I don't say a lot about feminism on DU because others cover the topic better than I would.
But Bernie Sanders demonstrated that he was struggling with the changes going on at that time in a very thoughtful way.
Young people today have no idea what we women went through in the 1960s, 1970s and prior to that time.
We all wore hats and white gloves to church on Easter Sunday, but a surprising number of the girls I went to high school with were pregnant and married by the time I graduates. The number of professions and jobs that girls could think about doing was very limited. Few doctors. Lots of nurses. Women were viewed as permanent caretakers.

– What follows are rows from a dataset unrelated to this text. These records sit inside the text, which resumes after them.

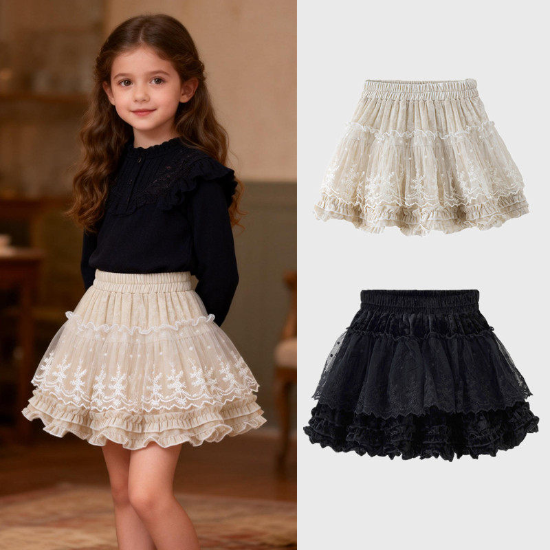 秋冬新款女童芭蕾风蕾丝花边蛋糕裙金丝绒高腰显瘦蓬蓬半身裙短裙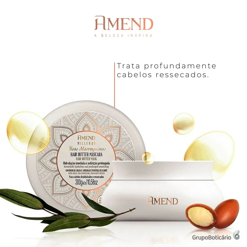 Hair Butter Mascara Hidratação e Nutrição AMEND Millenar Óleos Marroquinos - 300g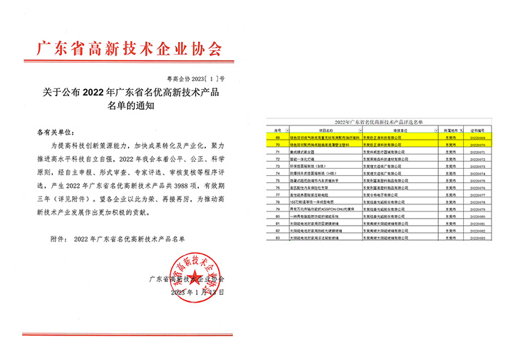 近日,广东省高新技术企业协会公布了2022年广东省名优高新技术产品名单。东莞巨正源科技有限公司的“绿色非邻低气味低克重无纺布用聚丙烯纤维料”、“绿色非邻聚丙烯低翘曲高透薄壁注塑料”两项产品荣获“广东省名优高新技术产品”称号。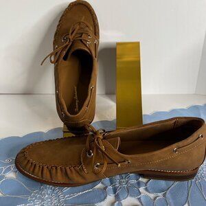 Stylish brown leather loafers. Features lace-up design. Comfortable and versatile.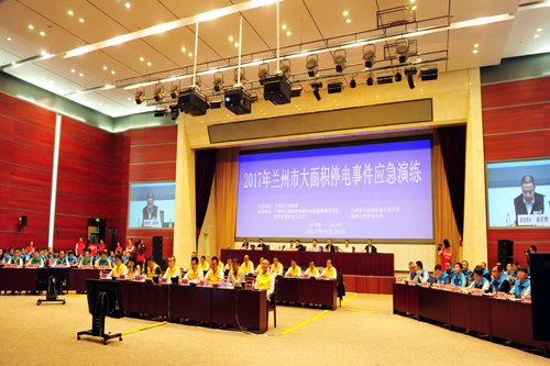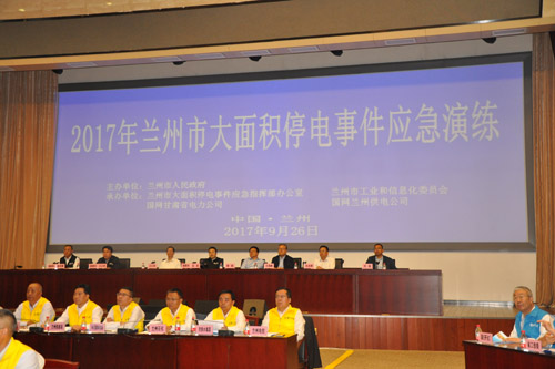 为贯彻落实《国家大面积停电事件应急预案》和《甘肃省大面积停电事件应急预案》,进一步提升城市电力应急管理水平,促进全社会建立电力应急协调联动机制,省市两级历时半年精心筹划,兰州市大面积停电事件应急演练于9月26日上午在国网甘肃省电力公司成功组织开展。本次演练由兰州市人民政府主办,兰州市大面积停电事件应急指挥部办公室、兰州市工信委、国网甘肃兰州供电公司承办。兰州市大面积停电事件应急指挥部成员单位、重点企业等50家单位参加可此次演练,现场参加演练人员共300余人。
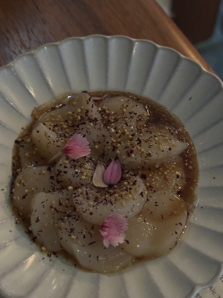 A highlight from the typed menu was a flower of Hokkaido scallop sashimi, ume and white soy. The earthiness from the sprinkling of toasted sesame seeds paired with the satiny bites of raw scallop perfectly. Another highlight, was a teeny mound of clack oscietra caviar with crushed potato chips on a pillow of bechamel sauce. Bite-sized luxury. Salty, creamy, crunchy… (* ´ ﹃`*) ᶻ 𝘇 𐰁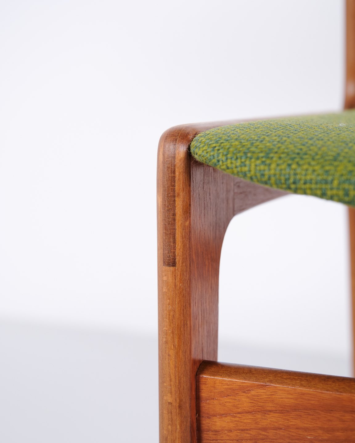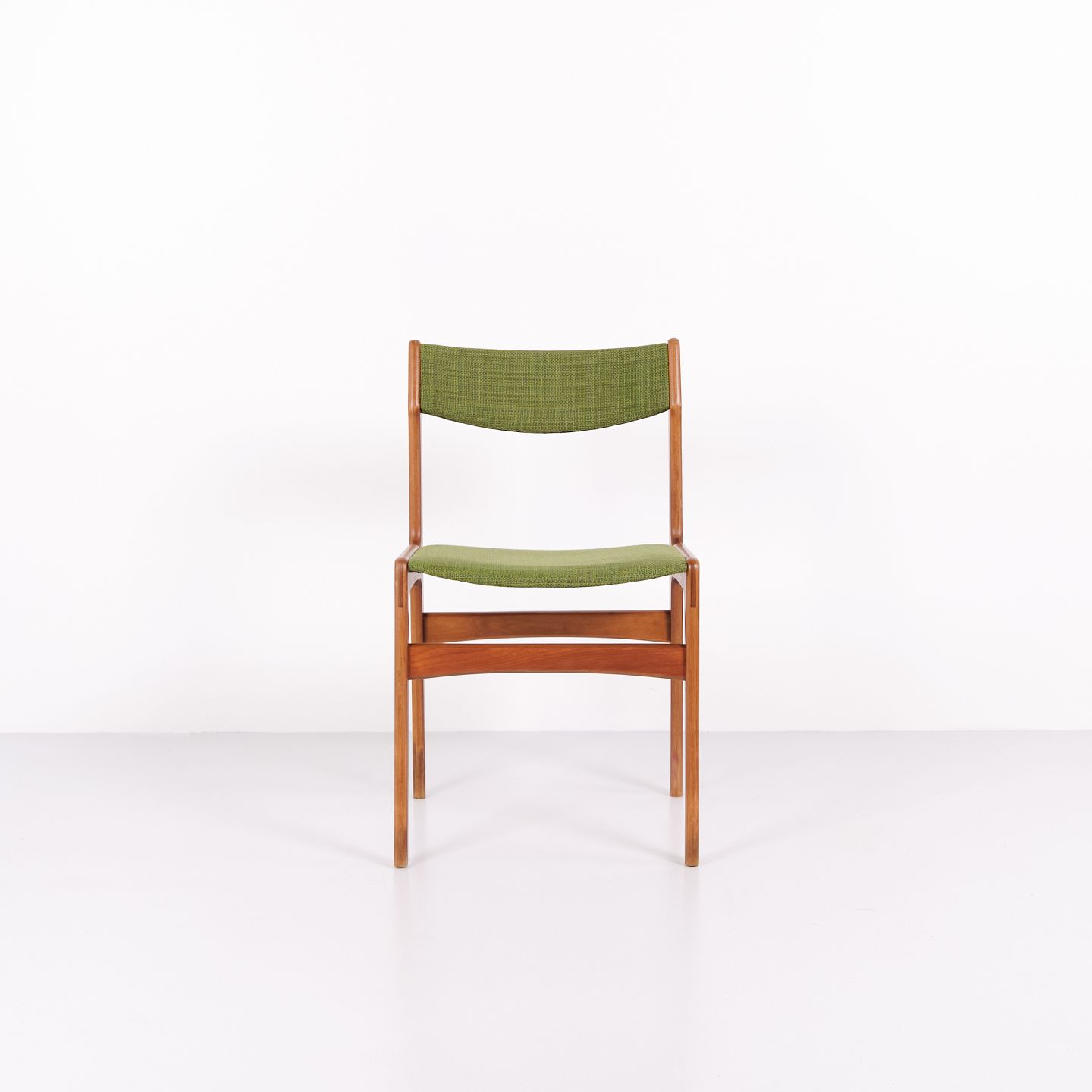 Erik Buch spisebordsstol fra 1960’erne i teak og grønt stof. Klassisk dansk design.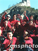 來自世界四十多個國家的男模冠軍六日在北京游覽八達嶺長城。2001年度世界十佳男模本月十二日將在他們中產生。中新社圖 武仲林 攝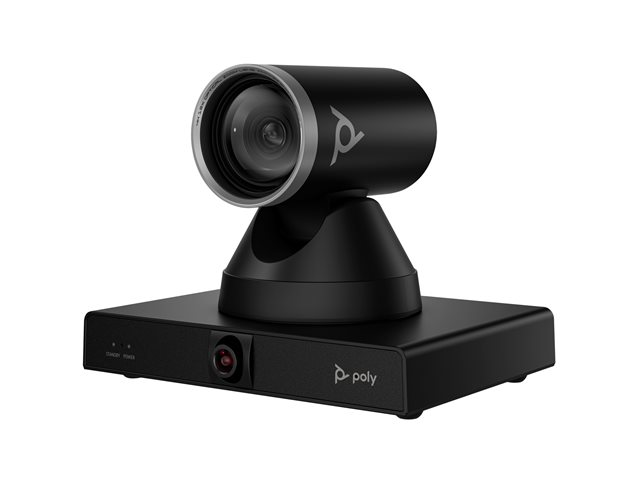 EgenskaperMotoriserad panna, motoriserad lutning, motoriserad zoomning, dubbel lins, 71° horizontal field of view (PTZ camera), 107° horizontal field of view (panoramic camera), up to 10m camera range, Group framing, presentatörsspårning, Poly DirectorAI-teknik, 78.1° diagonal field of view (PTZ camera)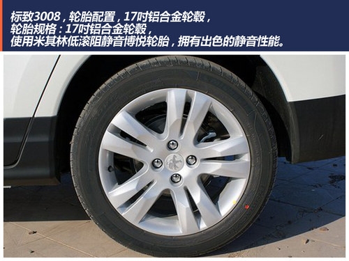 標致3008標配17吋鋁合金輪轂,使用米其林低滾阻靜音博悅輪胎,擁有出色的靜音性能。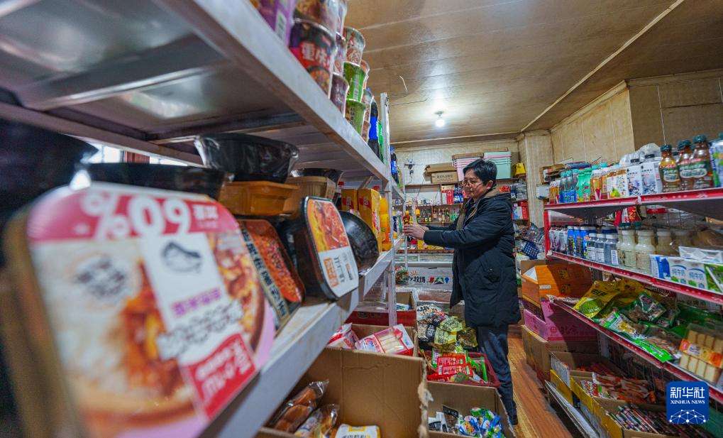2月5日,玉麥鄉(xiāng)一家超市的老板在整理貨架。新華社記者 丁增尼達 攝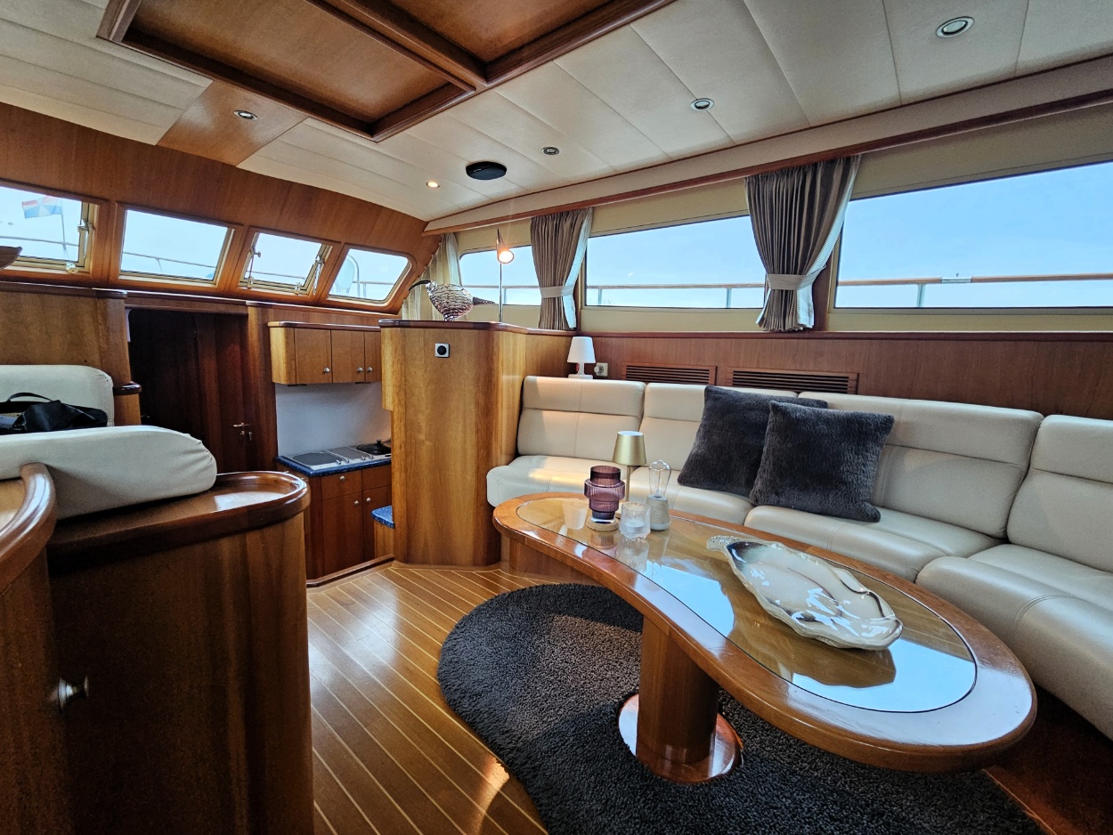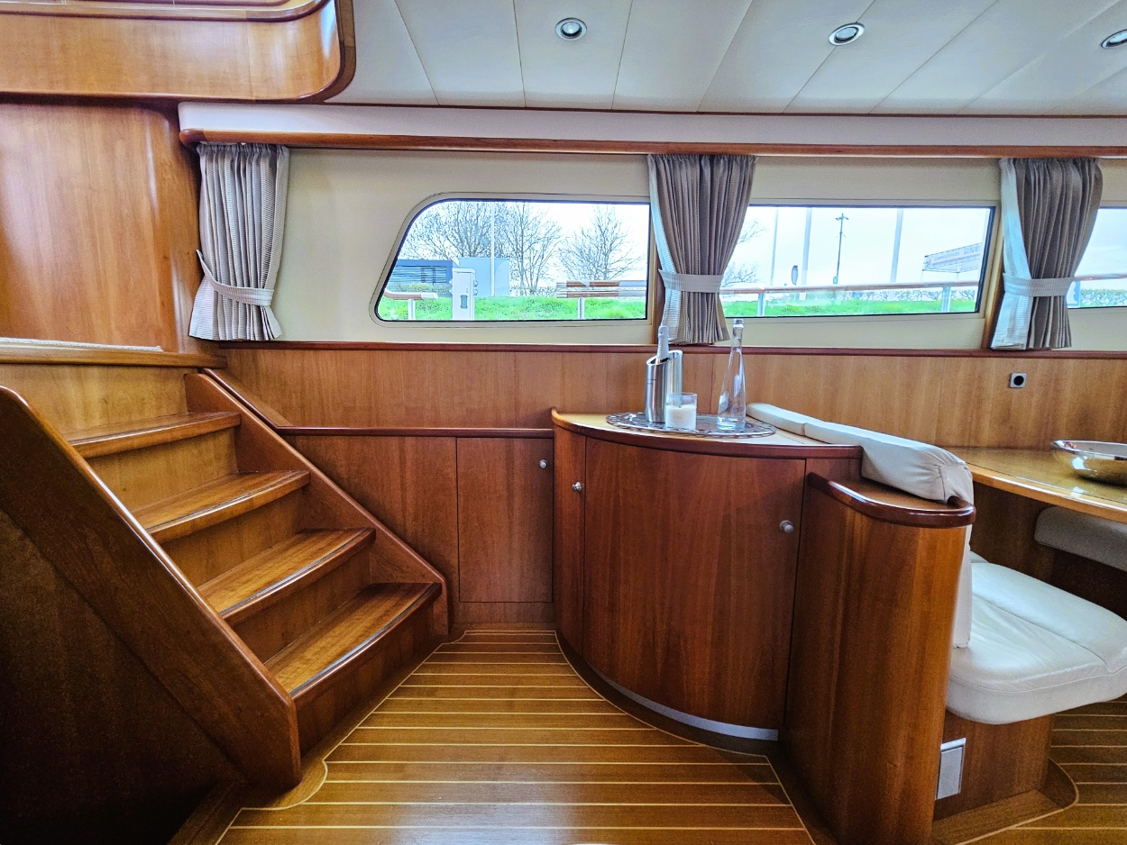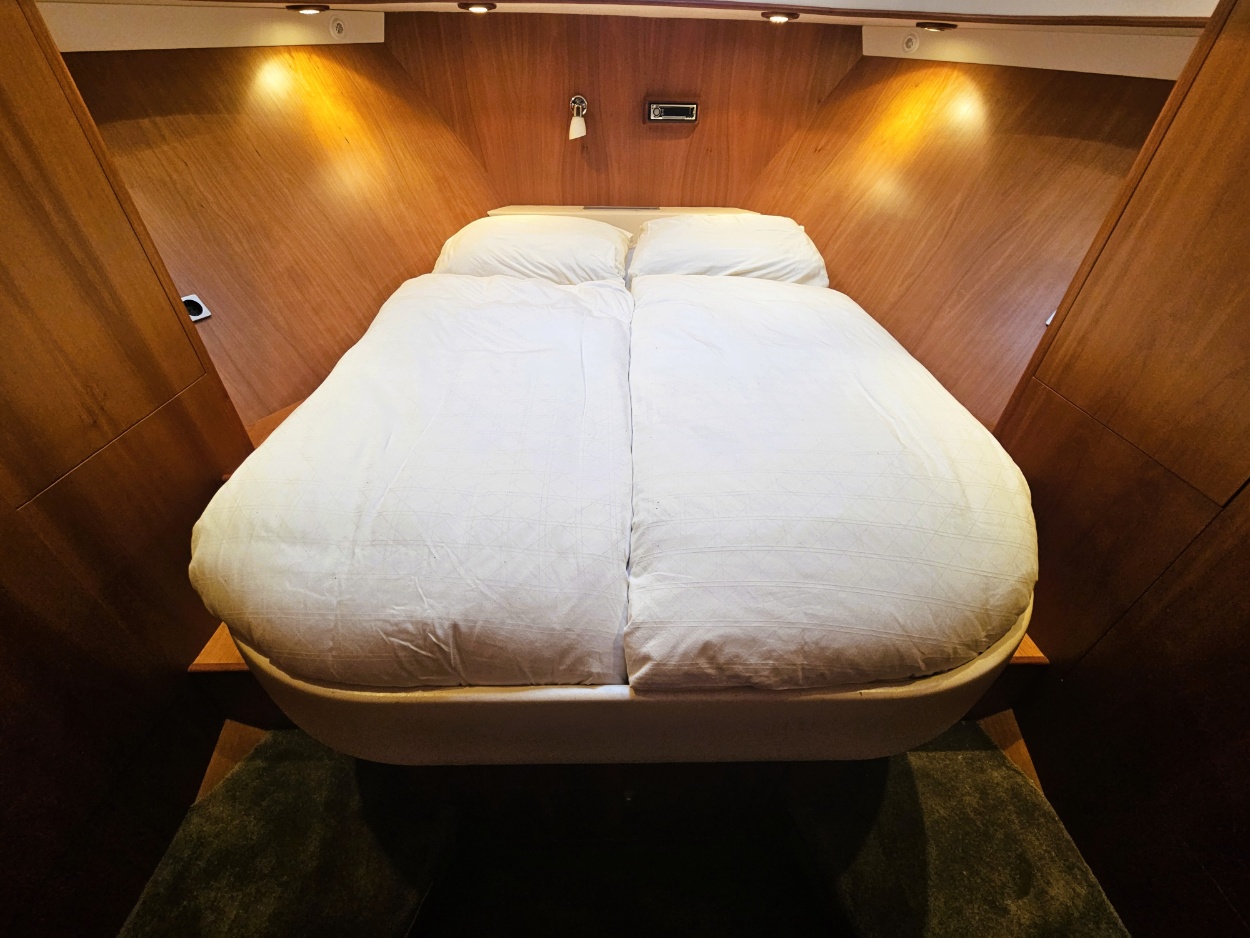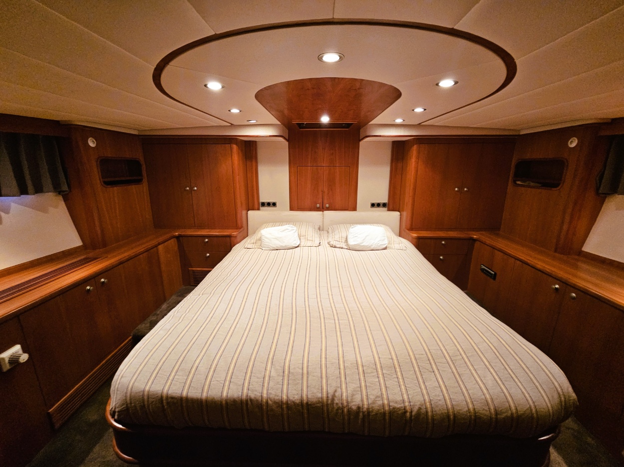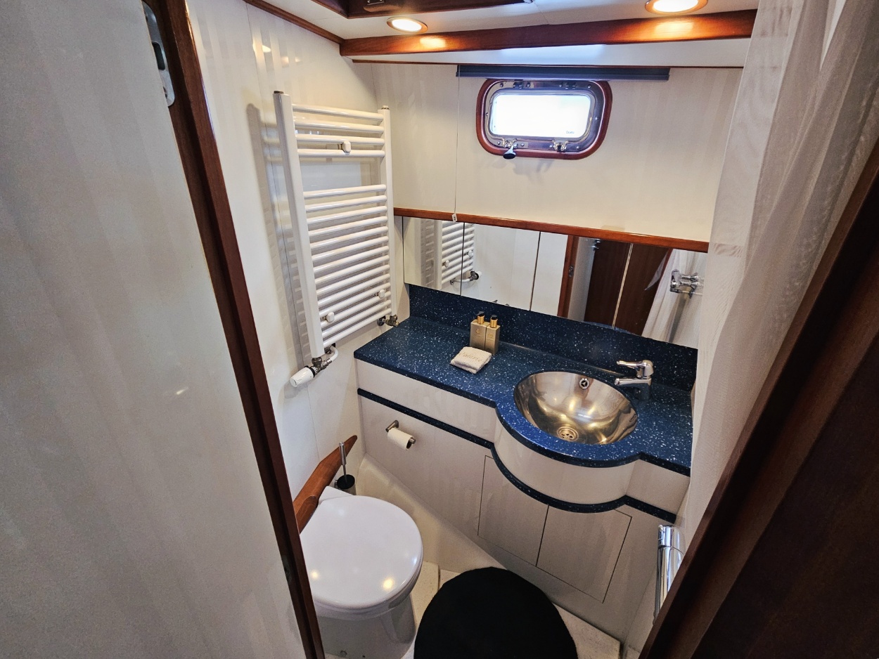 Het schip is zeer compleet uitgerust met onder andere een hydraulische boeg- en hekschroef, airconditioning, centrale verwarming (CV), een ingebouwd luchtontvochtigingssysteem en een centraal stofzuigsysteem, wat bijdraagt aan optimaal comfort aan boord. De indeling bestaat uit drie hutten, waaronder een ruime eigenaarshut met badkamer en suite, een gastenhut in de boeg en een derde hut met stapelbed. Daarnaast is er een extra gastentoilet aanwezig en beschikt het jacht over een prachtig, hoogwaardig afgewerkt interieur.
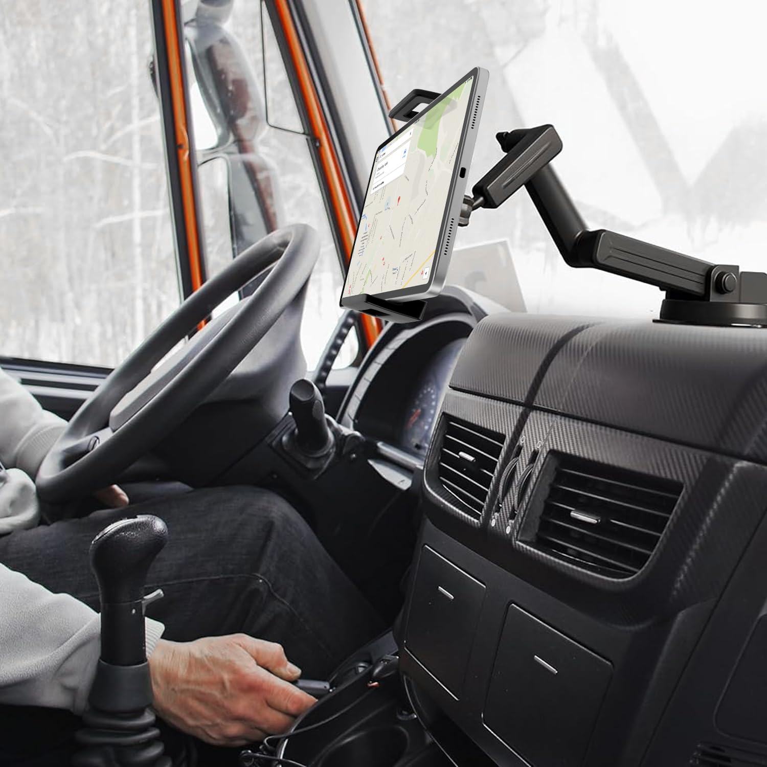 ""πͺ Robust grip for the road warrior - Unleash the power of our car tablet holder, equipped with a powerful 3-point arm and a base that grips and doesn't let go. This iPad holder for trucks acts as a vibration protection that conquers the toughest challenges on the open road while providing a crystal-clear view. The additional leverage of the lever lock at the base makes it the ultimate choice for hardworking truckers demanding nothing but durability.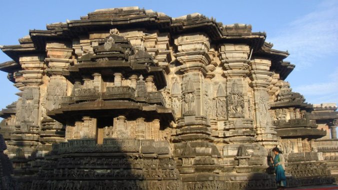 Hoysaleswara temple was built during 12th and 13th century Hoysala Empire by King Vishnuvardhana. Dedicated to Lord Shiva, the ground-plan of the temple is the characteristic star shape common to all the Hoysala temples. Hoysaleswara is actually formed by two temples joined by a common veranda. The temple of the north is known as the Shantaleshwara temple and is named after the beloved Queen Shantala Devi. The capitals of the pillars in the sanctum were once crowned with detailed sculpted pieces of women dancing. On the lower-most section, thousands of elephants are carved in a single piece of stone, each one depicting different actions. The temple includes around thirty-five thousand sculpted pieces.
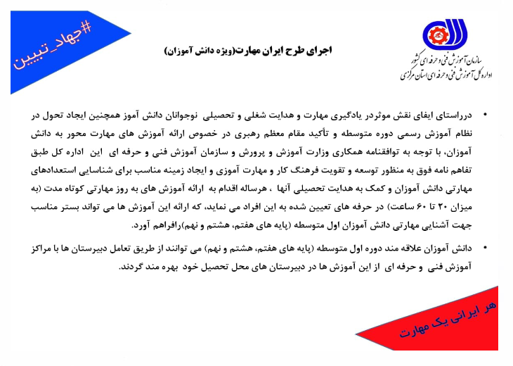 اداره کل آموزش فنی و حرفه ای استان مرکزی در راستای معرفی فعالیتهای سازمان مربوطه در زمینه ارائه آموزش های مهارتی و ماموریت های ذاتی این اداره در نظر دارد فعالیت های کلی صورت گرفته در مجموعه خویش را در قالب طرحی تحت عنوان " سه شنبه های مهارتی " به شرح ذیل انجام دهد.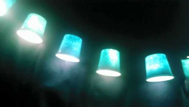 Estoy muy contento con cómo salió pero la imagen no muestra el marbleizing como me gustaría pero las luces iluminaron muestra lo bien. Tenía los materiales de los proyectos anteriores y compré las luces de Navidad por $1.00 después de Navidad.

I did not enter the profession that was fulfilling and right for me until I reached my 50s. I could not think about it because when I was young, very few women entered that profession, and when I was a young mother, I could not take the time away from my children and earning a living to enter it. Women born just 4-6 years after I was had many, many more opportunities professionally than I did.
The view of women was just as Bernie Sanders described it. We were the "weaker sex," accused of changing our minds a lot . . . . The list of our deficiencies according to the common belief at that time goes on and on. We were a joke. Lucy of I Love Lucy and Gracie Allen were what people thought of when they thought of "girls" or women.
We women went through quite a struggle, and that struggle continues to this day.
Bernie demonstrated a lot of understanding and insight, and i must say, patience in that article. And he was fairly young at the time.